Hacking phones is too easy. Time to make it harder

In the mid-1960s enterprising hackers realised that if they blew a particular toy whistle down the phone, they could trick the network into routing their call anywhere, free. When phone networks got wind of this, they changed how the system worked by splitting the channel carrying the voice signal from the one managing the call. One result was the Signalling System 7, which became a global standard in 1980. ss7 stopped “phone phreaks”, as they were known. But the system, built when there were only a handful of state-controlled telecoms companies, has become woefully inadequate for the mobile age, leaving dangerous vulnerabilities at the heart of international phone networks. It is time to fix them.

For more than 15 years experts have known that SS7 (or, occasionally, a later system called Diameter) could be abused to locate a phone user, intercept their text or voice data, or send texts or spyware to a device. Russia has exploited SS7 to track dissidents abroad. In 2018 the United Arab Emirates is thought to have used it to find and then abduct a fugitive princess. Earlier this year an American cyber-security official told the Federal Communications Commission (FCC), a regulator, that similar attacks had taken place in America.

Much like the internet, SS7 was built on the basis of trust, not security. That was reasonable when the protocol was introduced and only a few telecoms companies could access it. Today, many thousands of such firms can do so, the vast majority of them private. The complexity of the networks has also increased. Handsets roam from the jurisdiction of one provider to another, requiring a handover. Text messages are routinely used for vital transactions: think of the sms authentication codes in global banking. And providers in one country can use SS7 to connect to others—the Emirati attack in 2018 appears to have involved the Channel Islands, lightly regulated British territories, as well as America, Cameroon, Israel and Laos.

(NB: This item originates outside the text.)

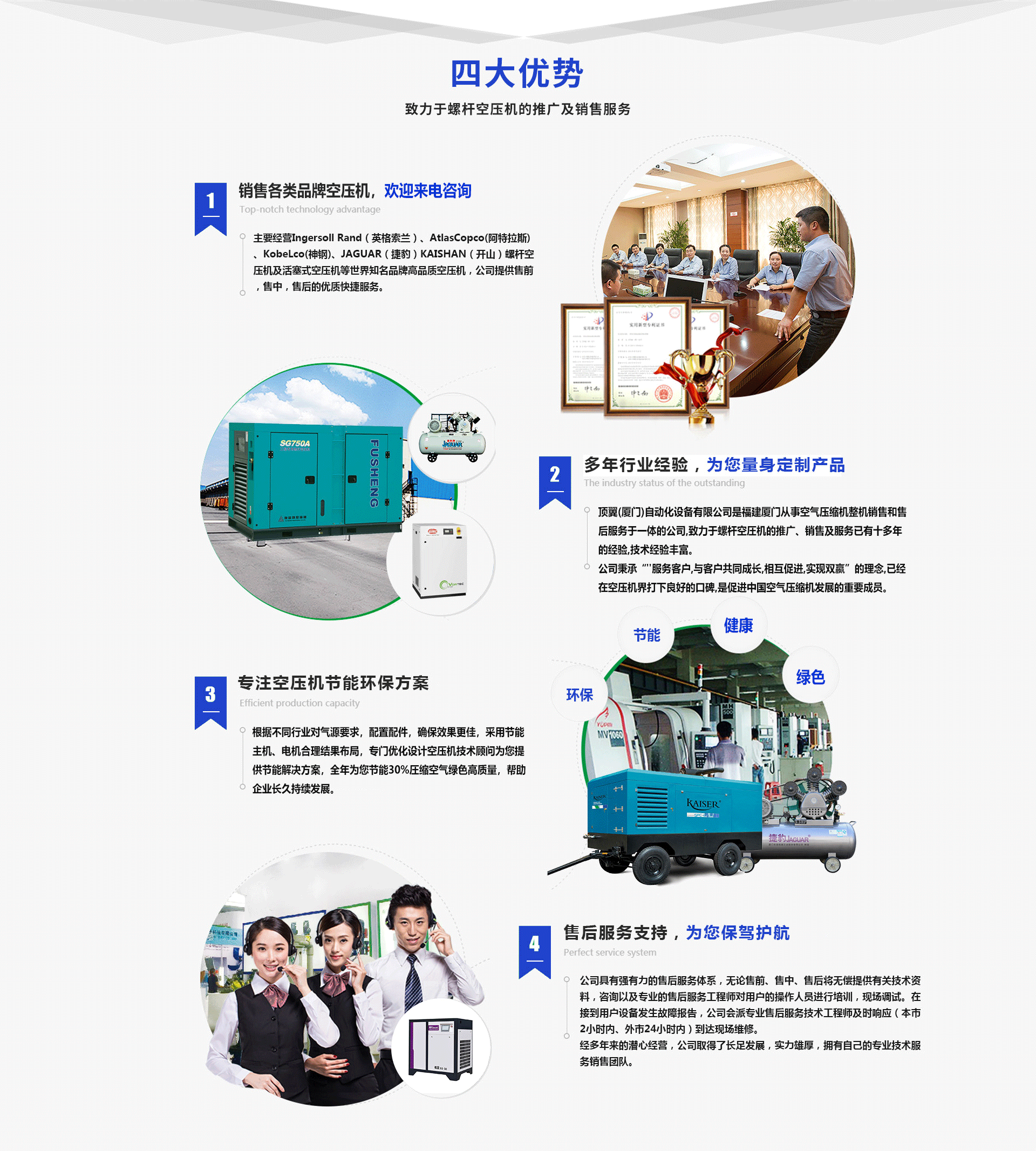 頂翼(廈門)自動(dòng)化設(shè)備有限公司是福建廈門一家從事空氣壓縮機(jī)整機(jī)銷售和售后服務(wù)于一體的公司,致力于螺桿空壓機(jī)的推廣、銷售及服務(wù)已有十多年的經(jīng)驗(yàn),技術(shù)力量強(qiáng)。 公司秉承“服務(wù)客戶,與客戶共同成長,相互促進(jìn),實(shí)現(xiàn)雙贏”的理念,已經(jīng)在空壓機(jī)界打下良好的口碑,是促進(jìn)中國空氣壓縮機(jī)發(fā)展的重要成員。公司具有強(qiáng)有力的售后服務(wù)體系,無論售前、售中、售后將無償提供有關(guān)技術(shù)資料,咨詢以及售后服務(wù)工程師對用戶的操作人員進(jìn)行培訓(xùn),現(xiàn)場調(diào)試,在接到用戶設(shè)備發(fā)生故障報(bào)告,公司專門會(huì)派售后服務(wù)技術(shù)工程師及時(shí)響應(yīng)(本市2小時(shí)內(nèi)、外市24小時(shí)內(nèi))到達(dá)現(xiàn)場維修。 經(jīng)多年來的潛心經(jīng)營,公司取得了長足發(fā)展,實(shí)力強(qiáng),擁有自己的技術(shù)服務(wù)銷售團(tuán)隊(duì)。主要經(jīng)營IngersollRand(英格索蘭)、AtlasCopco(阿特拉斯)、KobeLco(神鋼)、JAGUAR、(捷豹)KAISHAN(開山)螺桿空壓機(jī)及活塞式空壓機(jī)等品牌空壓機(jī),公司提供售前,售中,售后的快捷服務(wù)。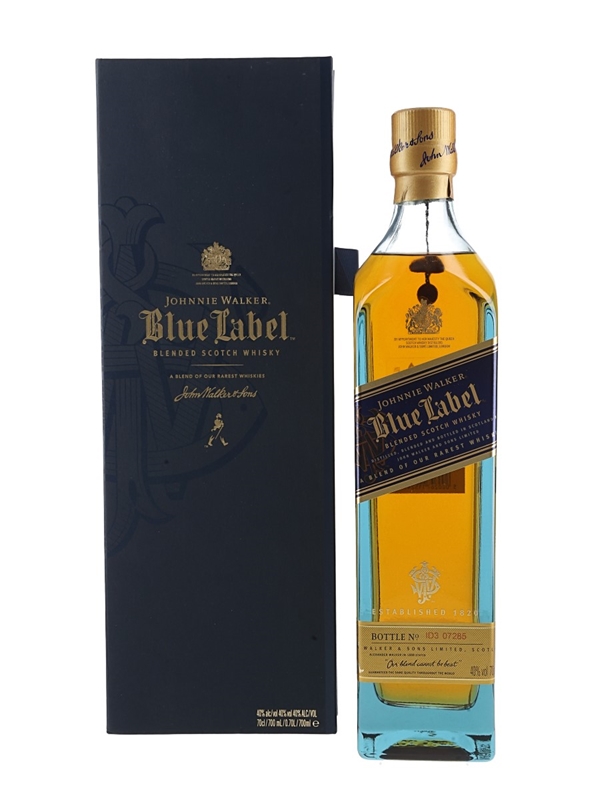 A bottle of Johnnie Walker Blue Label, a super premium blend made from long-aged malt and grain whiskies.

Short of using burner phones and donning a tinfoil hat, ordinary people cannot completely escape the dangers of SS7. One sensible step would be to routinely use end-to-end encrypted messaging apps like iMessage, Signal or WhatsApp for texts and calls. Companies could ensure that codes for two-factor authentication come via an app, rather than SMS text messages, which can be easily intercepted. However, because phones still have to connect to mobile-network towers, these precautions cannot conceal where a caller is.

In March the FCC announced that it was at last exploring “countermeasures” to location-tracking via SS7 and Diameter. Most big American mobile operators have retired SS7. But much of the world still uses it. And Diameter is still vulnerable. These systems can be secured by using filters that detect and block suspicious traffic. Many telecoms firms have resisted this, however. One reason is that filtering is technically complicated and can easily go wrong if important commands are blocked. Another is that firms have balked at the expense. Few want to make it harder or costlier for data to flow from their network into others.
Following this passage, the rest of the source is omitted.